Could you output the whole listing exactly as it stands, minus any images?

SUPPLIED DATA:

+---+

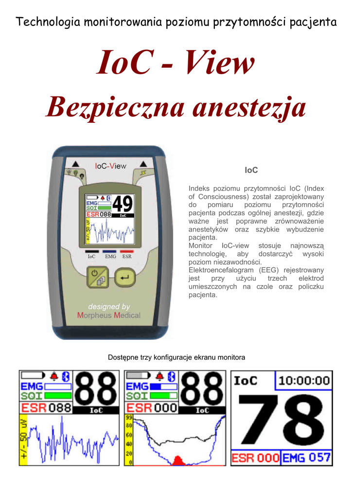 Technologia monitorowania poziomu przytomności pacjenta IoC - View Bezpieczna anestezja IoC Indeks poziomu przytomności IoC (Index of Consciousness) został zaprojektowany do pomiaru poziomu przytomności pacjenta podczas ogólnej anestezji, gdzie waŜne jest poprawne zrównowaŜenie anestetyków oraz szybkie wybudzenie pacjenta. Monitor IoC-view stosuje najnowszą technologię, aby dostarczyć wysoki poziom niezawodności. Elektroencefalogram (EEG) rejestrowany trzech elektrod jest przy uŜyciu umieszczonych na czole oraz policzku pacjenta. Dostępne trzy konfiguracje ekranu monitora IoC Stan kliniczny 99 Pacjent obudzony 80 Sedacja 60 Ogólna anestezja 40 Głęboka anestezja 0 Indeks IoC został zaprojektowany zgodnie ze standardową skalą monitorów do pomiaru głębokości anestezji gdzie zakres ogólnej anestezji wykrywany jest w zakresie 40-60 IoC. Izoelektryczne EEG Monitor IoC-View uŜywa trzech wysokiej jakości elektrod. Parametry techniczne Indeks oraz aktualizacja ekranu Całkowite opóźnienie aktualizacji indeksu Fala EEG EEG Suppression Rate (ESR) EMG Trend IoC Indeks jakości sygnału SQI Górny i dolny alarm IoC System sprawdzający impedancję elektrod Baterie CMRR Waga Wymiary MoŜliwość bezprzewodowej transmisji do komputera, PDA Producent IoC 0-99, Filtr 1-47Hz, 1 sekundowa aktualizacja ekranu 8s ± 500 µV skalowalne, Filtr 1 -30 Hz, długość okna - 3 sekundy 0-100% Krzywa i wskaźnik wartości 5, 6 minut Tak Tak Tak, 3 elektrody 2xAA >140 dB 130 g 117 x 78 x 24 mm Tak Morpheus Medical, Llacuna 162 08018 Barcelona, Spain Przedstawiciel handlowy: EMTEL ul. Zamkowa 1 41-803 Zabrze Telefon: 032 271 90 13 Fax: 032 271 57 27 e-mail: [email protected] internet: www.emtel.com.pl
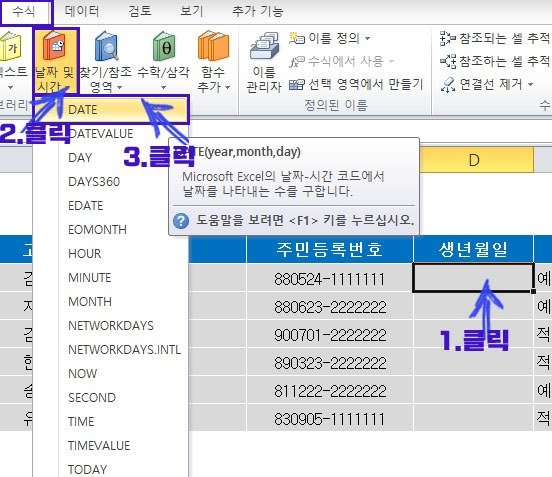아래 예제에서는 주민등록번호 앞 6자리를 생년월일로 옮기는 방법을 DATE 함수로 적용시켜 보도록 하자.
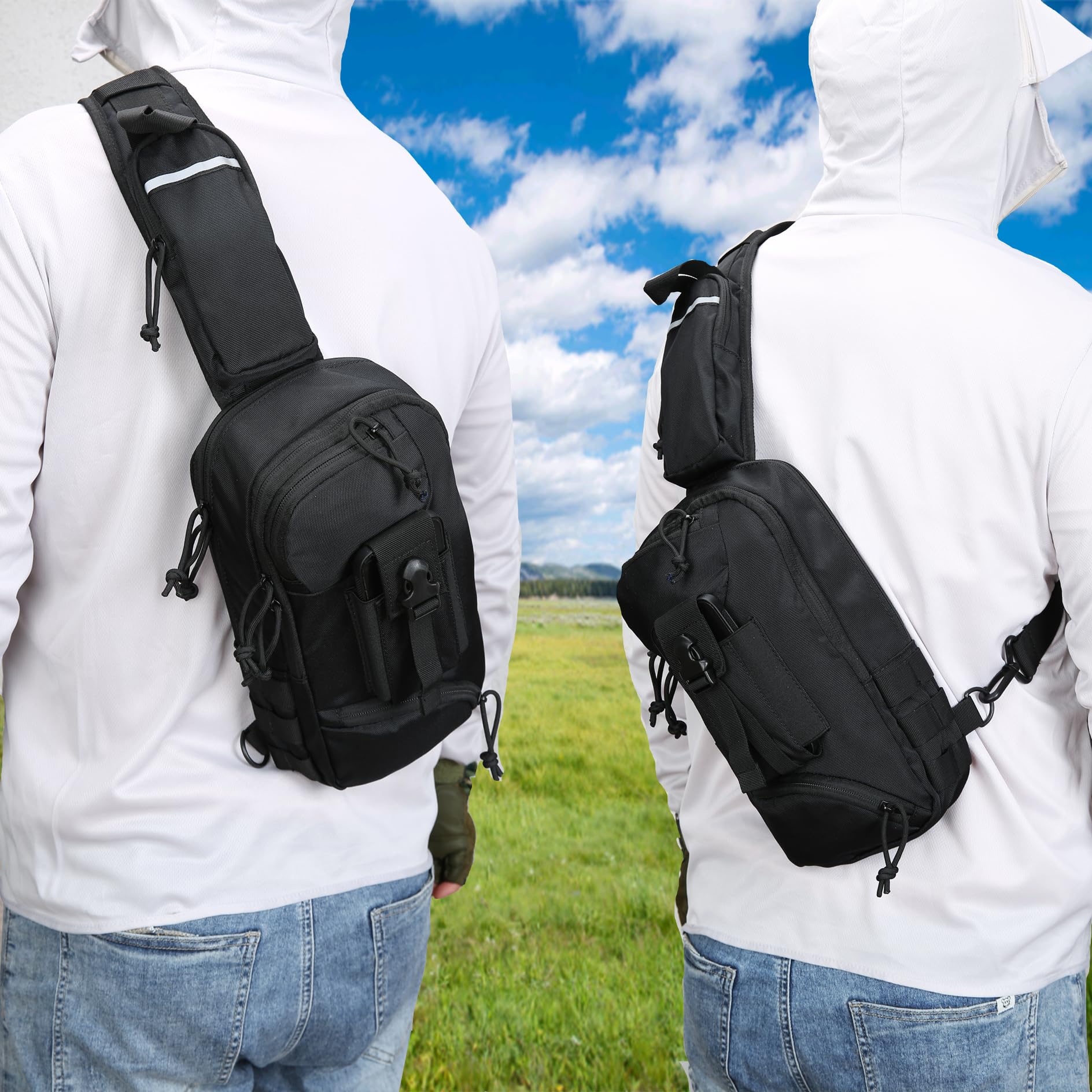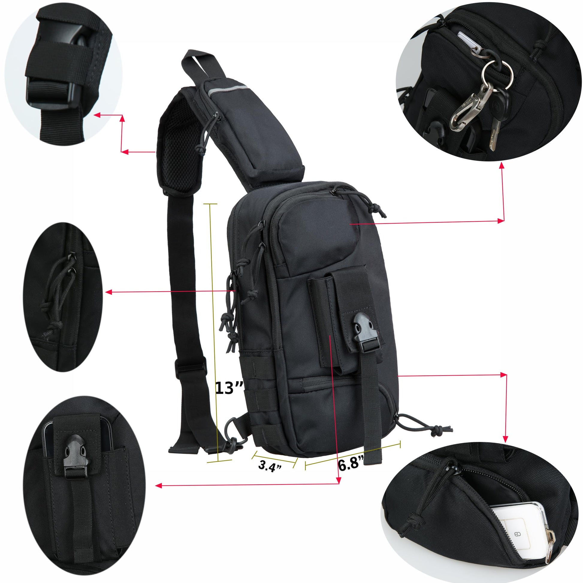 - MULTI-FUNCTIONAL: The sling backpack can be used as the tactical sling chest bag and if you need, you can use the sling bag as usual normal tablet bag for the dual holsters can be removable; Seen as Stylish, Unisex and Effective,the sling bag Can be used messenger bag/shoulder bag/cross body backpack/casual day pack/sling bag/chest bag/travel bag/working or business bag, suitable for office, outdoor, business and other occasions.

+---+

YOUR SOLUTION:
 Technologia monitorowania poziomu przytomności pacjenta IoC - View Bezpieczna anestezja IoC Indeks poziomu przytomności IoC (Index of Consciousness) został zaprojektowany do pomiaru poziomu przytomności pacjenta podczas ogólnej anestezji, gdzie waŜne jest poprawne zrównowaŜenie anestetyków oraz szybkie wybudzenie pacjenta. Monitor IoC-view stosuje najnowszą technologię, aby dostarczyć wysoki poziom niezawodności. Elektroencefalogram (EEG) rejestrowany trzech elektrod jest przy uŜyciu umieszczonych na czole oraz policzku pacjenta. Dostępne trzy konfiguracje ekranu monitora IoC Stan kliniczny 99 Pacjent obudzony 80 Sedacja 60 Ogólna anestezja 40 Głęboka anestezja 0 Indeks IoC został zaprojektowany zgodnie ze standardową skalą monitorów do pomiaru głębokości anestezji gdzie zakres ogólnej anestezji wykrywany jest w zakresie 40-60 IoC. Izoelektryczne EEG Monitor IoC-View uŜywa trzech wysokiej jakości elektrod. Parametry techniczne Indeks oraz aktualizacja ekranu Całkowite opóźnienie aktualizacji indeksu Fala EEG EEG Suppression Rate (ESR) EMG Trend IoC Indeks jakości sygnału SQI Górny i dolny alarm IoC System sprawdzający impedancję elektrod Baterie CMRR Waga Wymiary MoŜliwość bezprzewodowej transmisji do komputera, PDA Producent IoC 0-99, Filtr 1-47Hz, 1 sekundowa aktualizacja ekranu 8s ± 500 µV skalowalne, Filtr 1 -30 Hz, długość okna - 3 sekundy 0-100% Krzywa i wskaźnik wartości 5, 6 minut Tak Tak Tak, 3 elektrody 2xAA >140 dB 130 g 117 x 78 x 24 mm Tak Morpheus Medical, Llacuna 162 08018 Barcelona, Spain Przedstawiciel handlowy: EMTEL ul. Zamkowa 1 41-803 Zabrze Telefon: 032 271 90 13 Fax: 032 271 57 27 e-mail: [email protected] internet: www.emtel.com.pl
아래 예제에서는 주민등록번호 앞 6자리를 생년월일로 옮기는 방법을 DATE 함수로 적용시켜 보도록 하자.
 - MULTI-FUNCTIONAL: The sling backpack can be used as the tactical sling chest bag and if you need, you can use the sling bag as usual normal tablet bag for the dual holsters can be removable; Seen as Stylish, Unisex and Effective,the sling bag Can be used messenger bag/shoulder bag/cross body backpack/casual day pack/sling bag/chest bag/travel bag/working or business bag, suitable for office, outdoor, business and other occasions.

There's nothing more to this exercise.